Prove every Hausdorff topology on a finite set is discret.

[Hodgey8806]

Homework Statement

Prove that every Hausdorff topology on a finite set is discrete.
I'm trying to understand a proof of this, but it's throwing me off--here's why:

Homework Equations

To be Hausdorff means for any two distinct points, there exists disjoint neighborhoods for those points.
Also, any finite subset of a Hausdorff space is closed.

The Attempt at a Solution

Let a set X have n elements (I'll write it more formal later), but I'll denote them a 1,...,i,...,j,...n.
For each singleton element, we can write write it as:
{i} = $\bigcap$(X\{j}) s.t. j≠i.
And the set {i} is open because it's the intersection of open sets (X\{j}).

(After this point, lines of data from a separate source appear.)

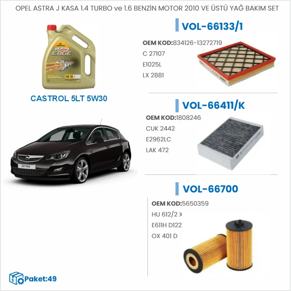 OPEL ASTRA J KASA 1.4 TURBO ve 1.6 BENZİN MOTOR 2010 VE ÜSTÜ YAĞ BAKIM SETİ
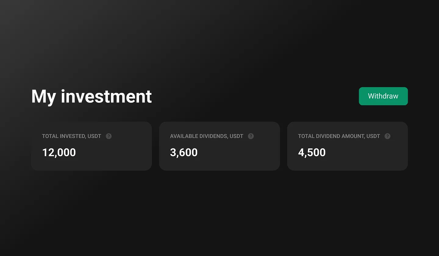 - Purchase: Investors select NFTs with suitable nominal value starting from 150 USDT, which is equivalent to 1% ownership of a single lot.
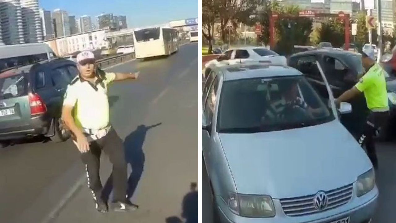 Muhtar olduğunu iddia eden şahıs motosiklet sürücüsüyle tartıştı. Motosiklet sürücüsü durumu trafik polisine bildirdi. Yoldan geçen başka bir motosiklet sürücüsünü durduran trafik polisi, muhtarı takip ederek yakaladı. O anlar kask kamerasına yansıdı.

However, isn't that opposite of Hausdorff because both sets are finite subsets.

Thank you in advance for your help.

 

[Dick]

{i} is closed, since it's a finite subset of a Hausdorff space. Now you've proved {i} is also open. So it's clopen. Doesn't that make it a discrete space?

 

[Hodgey8806]

Ah ok!

My book mentions that every subset of a discrete space is closed, but it doesn't explictly say that it is open when we first discussed them. It mentioned the topology is that every set is open...so I suppose it's implied.

Thank you!

 

[Dick]

Ah ok!

My book mentions that every subset of a discrete space is closed, but it doesn't explictly say that it is open when we first discussed them. It mentioned the topology is that every set is open...so I suppose it's implied.

Thank you!

Right. If every set S is closed then its complement is also closed. So S is also open.